Object storage is built using scale-out distributed systems. Each node, most often, actually runs on a local file system. As we will see, object storage architectures allow for the use of commodity hardware as opposed to expensive specialized hardware used by traditional storage systems. You could argue that object storage is a higher-level storage system than file systems. The two most critical tasks of an object storage system are:

  • Data placement

  • Automating management tasks

Typically, a user sends their HTTP GET, PUT, POST, or DELETE request to any one of a set of nodes, and the request is translated to physical nodes by the object storage software. The software also takes care of the durability model by either creating multiple copies of the object, chunking it, creating erasure codes, or a combination. The durability model is not RAID because RAID simply does not scale beyond hundreds of terabytes. The second critical task deals with management, such as periodic health checks, self-healing, and data migration. Management is also made easy by having a single flat namespace, which means that a storage administrator can manage the entire cluster as a single entity.

Let's evaluate, through the following table, how object storage meets the mentioned cloud storage benefits:

Criteria

Ability to meet

Low TCO

Storage nodes have no special requirements such as high availability, management, or special hardware such as RAID; this means commodity hardware can be used to cut capital expenses (CAPEX).

A single flat namespace with automated management features allows you to cut operational expenses (OPEX).

A full analysis of how this cuts the TCO by 10 times or more is outside the scope of this book.

Unlimited scalability

A distributed architecture allows capacity and performance to scale.

Elasticity

A fully virtualized approach allows data to grow and shrink as necessary.

On-demand

A fully virtualized approach with centralized management allows storage to be offered as an on-demand service.

Universal access

REST HTTP APIs provide access from wherever the user is, with no restriction on the number of users.

Multitenancy

A combination of multiple accounts, strong authentication, and access controls ensures multitenancy with adequate security.

 

OpenStack Swift


Is there an object storage stack best suited for our purposes? We believe the right choice is OpenStack Swift. Let us first look at what the OpenStack project is about, what OpenStack Swift (also referred to as just Swift) is, and then answer the preceding question about its choice.

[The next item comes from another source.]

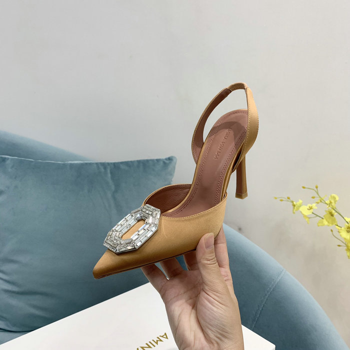 Amina Muaddi Satin Camelia Slingback Pumps AM10

OpenStack, a project launched by NASA and RackSpace in 2010, is currently the fastest growing open source project, and its mission is to produce a cloud computing platform useful for both public and private implementations. The two core principles are simplicity and scalability. OpenStack has numerous subprojects in its umbrella, ranging from computing and storing to networking, among others. The object storage project is called Swift and is a highly available, distributed, masterless, and eventually consistent software stack.

Why Swift when there are several vendors selling proprietary object storage software? The answer is in the first few sentences of this chapter; if you want to be like the web giants, the only option is open source. Open source cuts the total cost of ownership dramatically and provides access to a vibrant community that can provide technical support. Open source projects also provide longevity since open source has been shown to outlast proprietary projects. Moreover, open source projects allow users to benefit from the work done by bigger players and creates an ecosystem of tools and know-how. Finally, open source projects add functionality at a lot faster rate than proprietary projects. All this makes Swift the right choice.

The Swift project, in particular, came out of RackSpace's Cloud Files platform. The project was unique because the engineers and dev ops folks worked together to create it. This resulted in a very powerful storage system that is simple yet easy to manage. RackSpace "open-sourced" Swift in 2010 and numerous organizations such as Seagate, EVault, IBM, HP, Internap, Korea Telecom, Intel, SwiftStack, CloudScaling, Mirantis, and so on have joined the project since then.

In addition to sharing the mentioned generic object storage characteristics, OpenStack Swift has some unique additional functionality, as follows:

  • Open source: With no license fees, as mentioned previously.

  • Open standards: Using HTTP REST APIs with SSL for optional encryption. The combination of open source and open standards eliminates any potential vendor lock-in.

  • Account / container / object structure: OpenStack Swift incorporates rich naming and organization capacity, unlike a number of object storage systems that offer a primitive interface where the user gets a key upon submitting an object. The burden of mapping names to keys and organizing them in a reasonable manner is left to the user.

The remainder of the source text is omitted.